Understand the problem space before generating a single line of code.

16 min read

IV. Research Before You Build

Understand the problem space before generating a single line of code.


The Rule

Every implementation begins with research. Every single one.

You don't start writing code until you've explored the codebase, understood existing patterns, identified relevant files, and documented your findings. Research is a distinct phase that produces findings, not code. Those findings become scoped context for the implementation phase.

No exceptions. No shortcuts. No "I'll just quickly add this feature real fast."

Research first. Build second. Always.


The Rationale

Why This Matters

Agents that skip research produce plausible-looking code that doesn't fit.

You've seen this pattern: an agent gets a feature request, generates a beautiful implementation, runs the tests, everything passes. Except the code duplicates an existing utility. Or contradicts an architectural decision. Or breaks a convention used everywhere else in the codebase. The code works in isolation but fails the integration test—does it fit with everything that already exists?

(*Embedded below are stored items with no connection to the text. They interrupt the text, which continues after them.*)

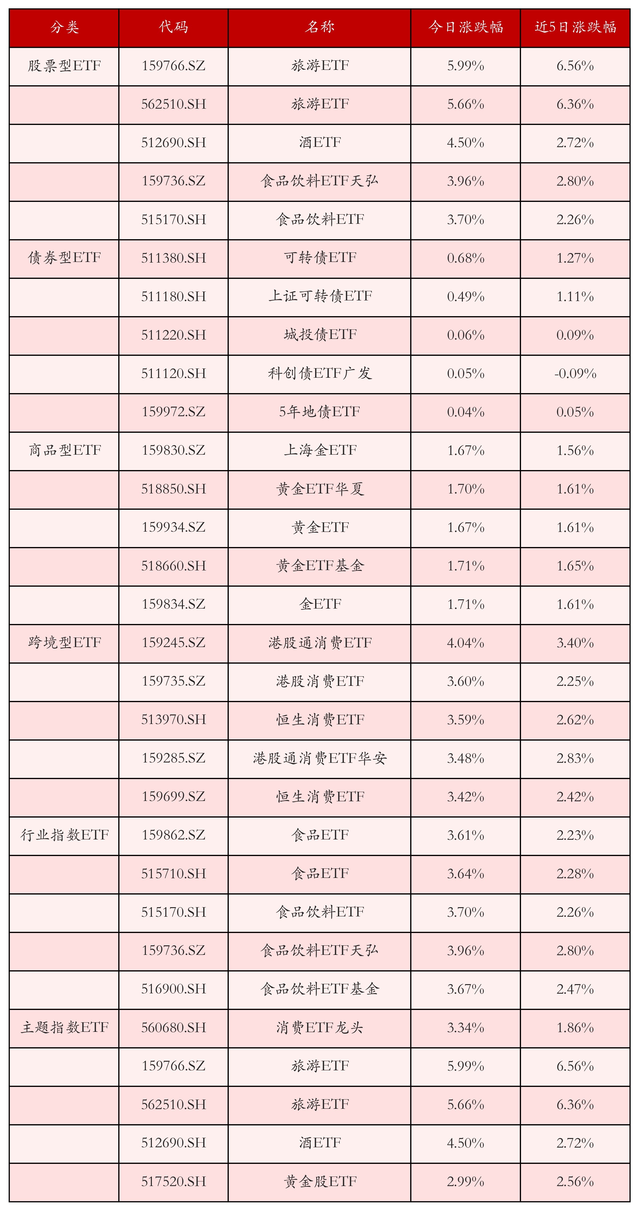 从不同投资种类、行业、主题的ETF产品中找出今日走势行情排名前5的ETF基金,今日涨幅靠前的ETF产品如下表所示。股票型ETF中涨跌幅排名前3位的ETF产品分别为旅游ETF(159766.SZ)、旅游ETF(562510.SH)和酒ETF(512690.SH),今日收益率分别为5.99%、5.66%和4.50%。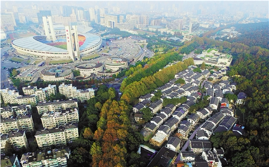 經(jīng)過一年半的整治改造,緊鄰黃龍商圈的白沙泉華麗轉(zhuǎn)身。圖為白沙泉航拍照。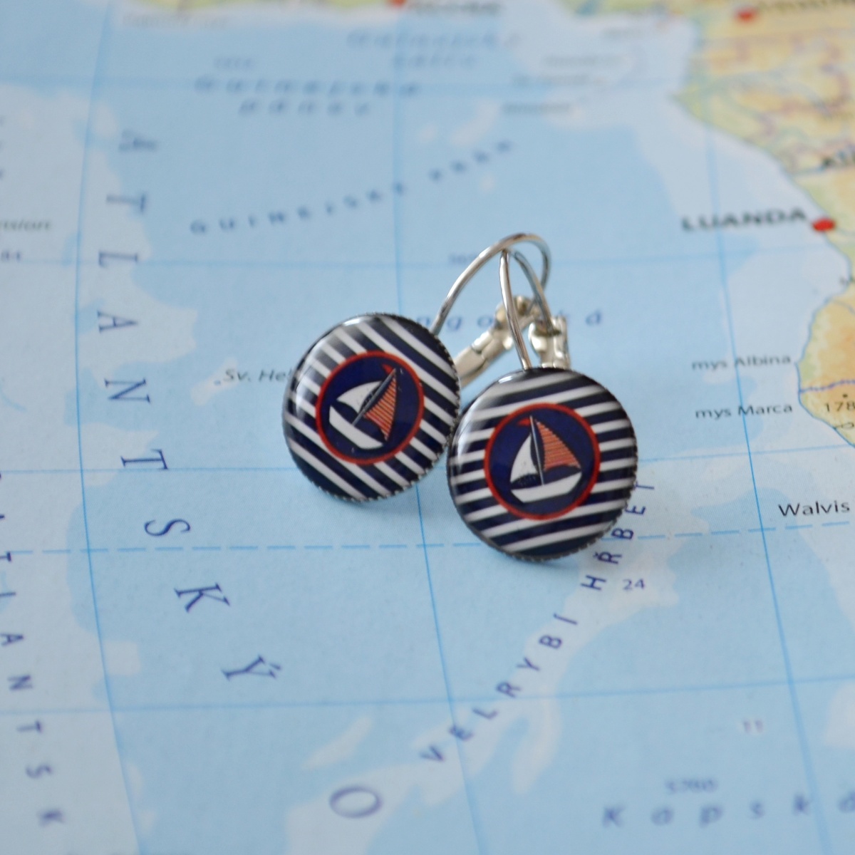 Modrobíločervené náušnice s námořnickým motivem, lodičkou a modroobílými pruhy.

The problem isn't the agent's coding ability. The problem is information asymmetry. The agent generated code without understanding the context it would live in.

Research closes that gap. It transforms "generate code that solves this problem" into "generate code that solves this problem in a way that fits this specific codebase."

Measure Twice, Cut Once

Every carpenter knows this principle. Every craftsperson who's ever cut a board too short, drilled a hole in the wrong place, or welded two pieces that don't quite align.

Measure twice. Cut once.

In software, research is the measuring. Implementation is the cutting. And just like woodworking, the measuring takes far less time than fixing a bad cut.

Ten minutes of research can save hours of rework. Thirty minutes of exploration can prevent days of architectural mismatch. An hour of understanding existing patterns can eliminate entire classes of bugs before they're written.

The math is simple: research is cheap, rework is expensive, and throwing away code hurts.

The Hidden Cost of "Just Do It"

When you skip research, you're not saving time. You're deferring discovery.

Instead of spending 15 minutes finding the existing authentication helper, you spend an hour writing a new one. Then you discover the existing helper during code review. Now you've written code that needs to be deleted.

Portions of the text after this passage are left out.